2. a) Moral standards- rules of behavior that are derived from people’s ideas about good and evil, about justice and injustice, about good and bad, are protected by the power of public opinion and internal conviction. Violators are subject to social sanctions: moral condemnation, expulsion of the offender from the community, and others.

b) Norms of customs- rules of behavior that have become a habit as a result of their repeated repetition. Moral customs are called morals. A variety of customs are considered traditions which express people’s desire to preserve certain ideas, values, useful forms behavior.
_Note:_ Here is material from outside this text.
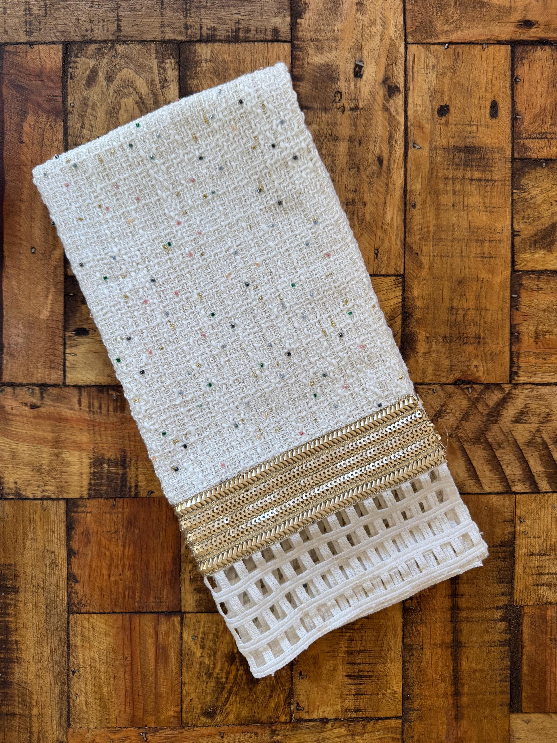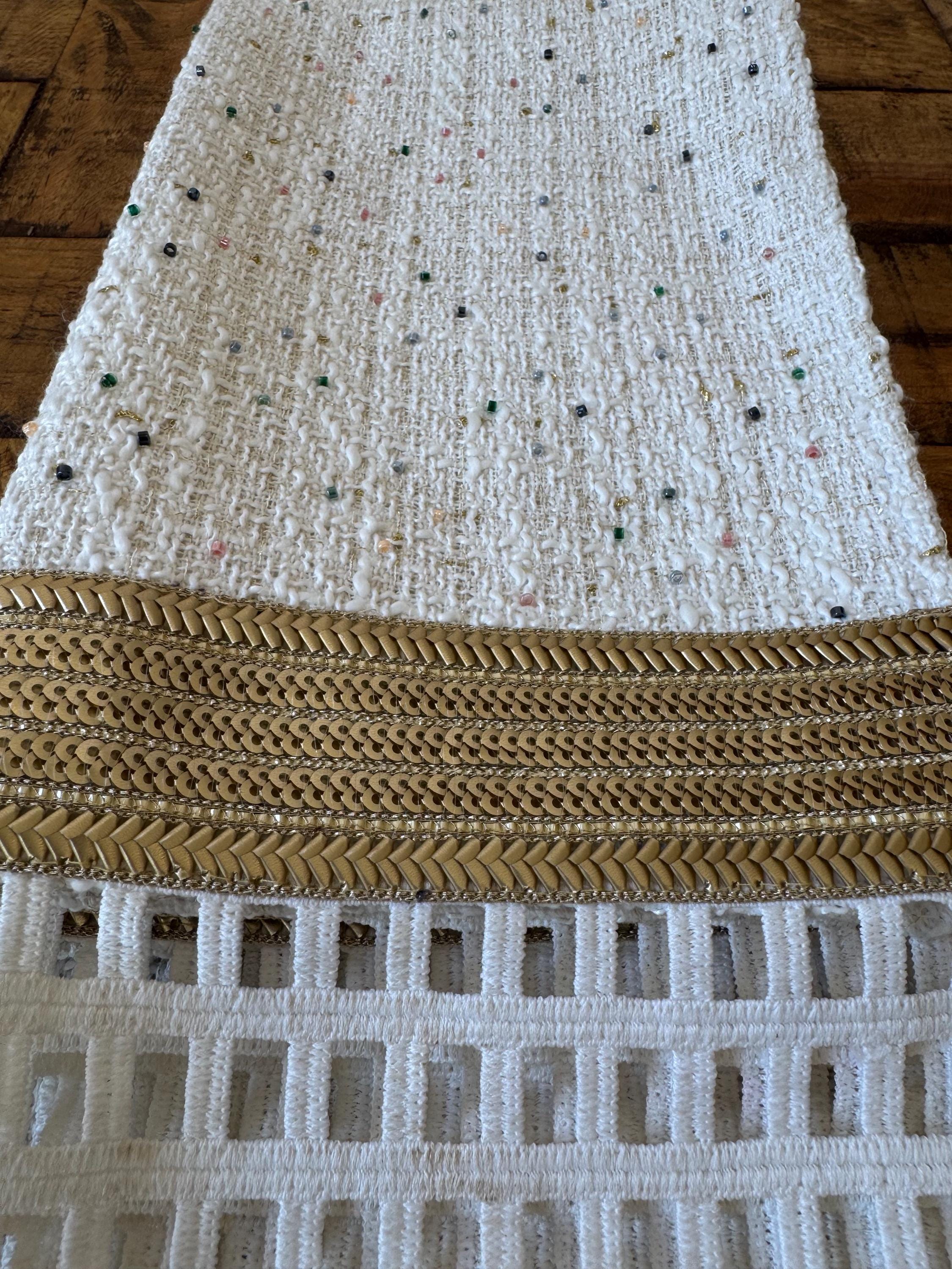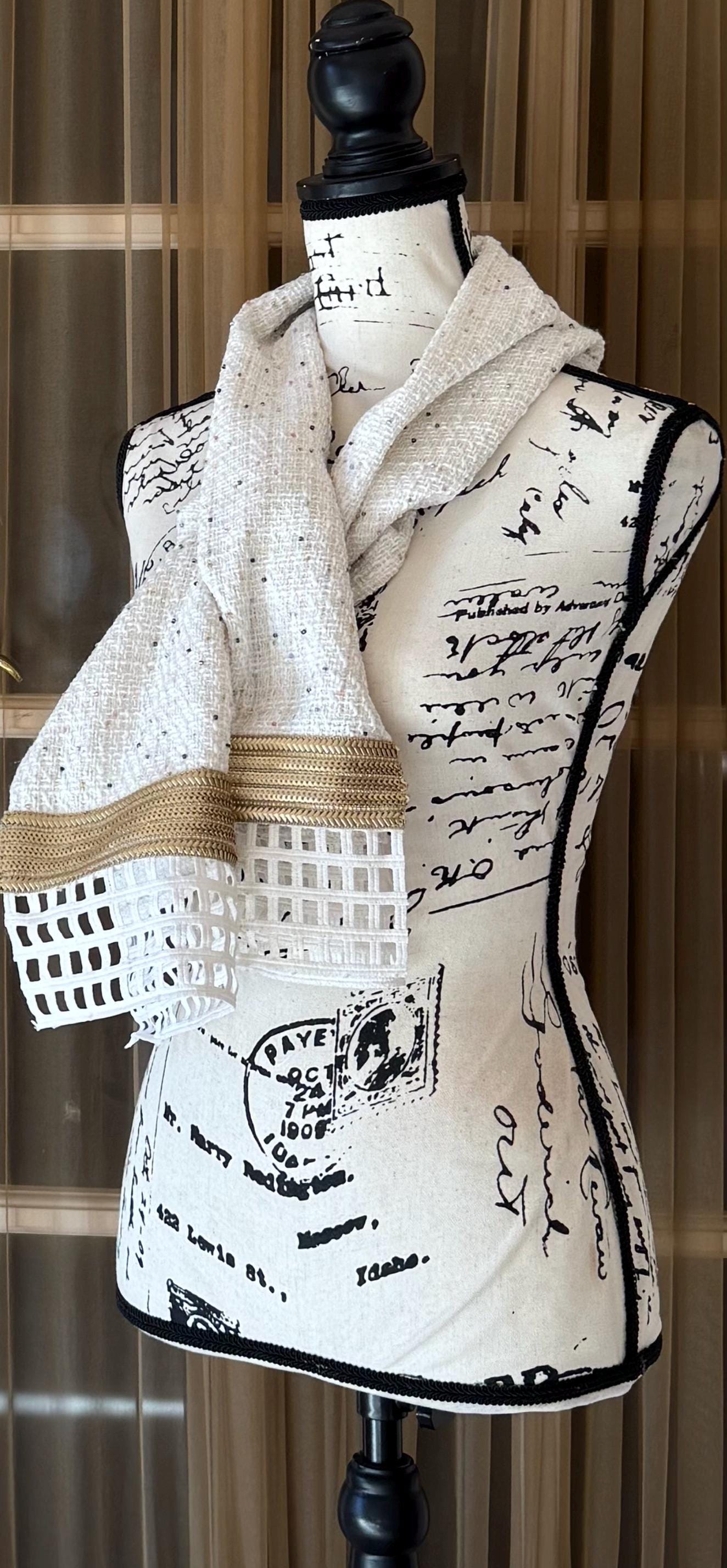 This beautiful handmade scarf has been created with a beaded rich material. We have embellished the scarf with a gorgeous metallic antique gold trim and a lace which makes the scarf perfect for any event.

Another type of custom is rituals regulating the behavior of people in the everyday, family and religious spheres.

V) Corporate standards– rules of behavior created in organized communities, applicable to its members and aimed at ensuring the organization and functioning of this community (trade unions, political parties, clubs of various kinds, etc.). Corporate standards are enshrined in relevant documents (charter, program, etc.), i.e. they have written form expressions. Their implementation is ensured by the internal conviction of the members of these organizations, as well as by the public associations themselves.

G) Religious norms- rules of conduct contained in various holy books or established by the church. Security and protection from violations of religious norms is carried out by the believers themselves and the activities of the church.

d) Political norms– norms established by various political organizations. The implementation of such norms is ensured by the internal beliefs of people included in these organizations, or by the fear of being excluded from them.

e) Legal standards- formally defined rules of conduct established or sanctioned by the state, the implementation of which is ensured by the authority and coercive power of the state.

3. Norms-expectations(outline the framework of socially approved behavior) and norms and rules(define the boundaries of acceptable behavior and define types of unacceptable behavior).

Functions of social norms: promote social integration; serve as unique standards of behavior; contribute to the control of deviant behavior; ensure the stability of society.

General features of social norms:

– represent rules of conduct of a general nature, that is, they are designed for repeated use and operate continuously over time in relation to a personally indefinite number of persons;

– characterized by such features as procedurality (the presence of a detailed regulated order (procedure) for their implementation), authorization (reflects the fact that each type of social norms has a specific mechanism for implementing their requirements);

– determine the boundaries of acceptable behavior of people in relation to the specific conditions of their life.

Social norms exist in the form of stereotypes (standards of behavior); the dominant system is manifested in real behavior social values- the most general ideas about the desired type of society, the goals that people should strive for, and the methods of achieving them. The most important function of social values- play the role of selection criteria from alternative courses of action.